Brentwood had actually done it?
“And you, Bailiff Geoffrey? Your part in this? Why are you here, on this lonely road, waiting for us, or whoever the hell else?” John demanded. Geoffrey’s gaze met John’s square on.
“My part? Too long, I’ve been a dog for a rotten thing.” He said. “And I can’t stomach it any more.” He gestured around again, to the pale sunlight, the mud, the bleakness of it all. “I’m done with the King’s service. I ride for the people now. I carry the word of Brentwood, the word of defiance, a spark to set Essex ablaze. Lords think they can keep us cowering with fear? Let them try to douse a fire that starts in every hearth, every field.”
Geoffrey reached inside his cloak, fumbling for a moment, then drew out a rolled parchment tied with rough twine. He held it out, but didn’t offer it, kept it just out of reach. “Simple message. Calls for others to rise.”

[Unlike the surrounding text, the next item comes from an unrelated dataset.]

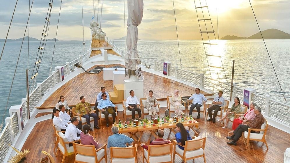 ウェルカムディナーの前に、インドネシア共和国のジョコ・ウィドド大統領は、各国の指導者をアヤナの豪華客船アヤナ ラコ ディア号に招待し、船上でサンセット観賞をしながら、皆の心に残るひと時を過ごしました。イ・マデ・グスダナ船長の指揮の下、船はラブアンバジョーの美しい海を航海、各国の指導者たちは、終日続く会議のあとの憩いの場としてラブアンバジョーの美しい自然に触れ、加盟国の絆と友情を更に深めました。

He looked at John, eyes like flint, searching, questioning. “You ride toward Brentwood. Are you sick of the yoke too?” John glanced back towards the woods, a silent signal passing to his scouts , then slowly, deliberately, dropped his hand clean away from his blade. He nudged his horse closer to Geoffrey’s, the beasts almost nose to nose. “We are,” John said, voice low, steady as a heartbeat. “We are sick of the yoke, Bailiff Geoffrey.”
He paused, then the question clawed its way out, raw and urgent. “What the hell happened in Brentwood?”
Geoffrey’s face tightened, grim. “They burned the courthouse to the ground. Drove out Belknap and his dogs. Took back what was theirs. And they’re waiting. Waiting to see if they’re alone in this mess. Waiting to see if anyone else has the guts to stand with them.”
A slow smile, grim as death but edged with something like triumph, spread across John’s face. “Then they won’t be waiting long, Bailiff Geoffrey.” He reached out, hand steady now, and took the parchment from Geoffrey’s grasp, a silent pledge. “We’ll carry your message further. And we ride to Brentwood. To stand with them.”
“Then we ride together,” he said, voice gaining strength, the weight of the world seemed to lift a fraction from his shoulders. “For Brentwood. For Essex.” And as the first rags of cloud drifted across the weak midday sun, they drew together, no longer strangers circling each other like wolves. The road to Brentwood wasn’t just uncertain anymore. It was charged. Charged with purpose. And bloody dangerous purpose at that.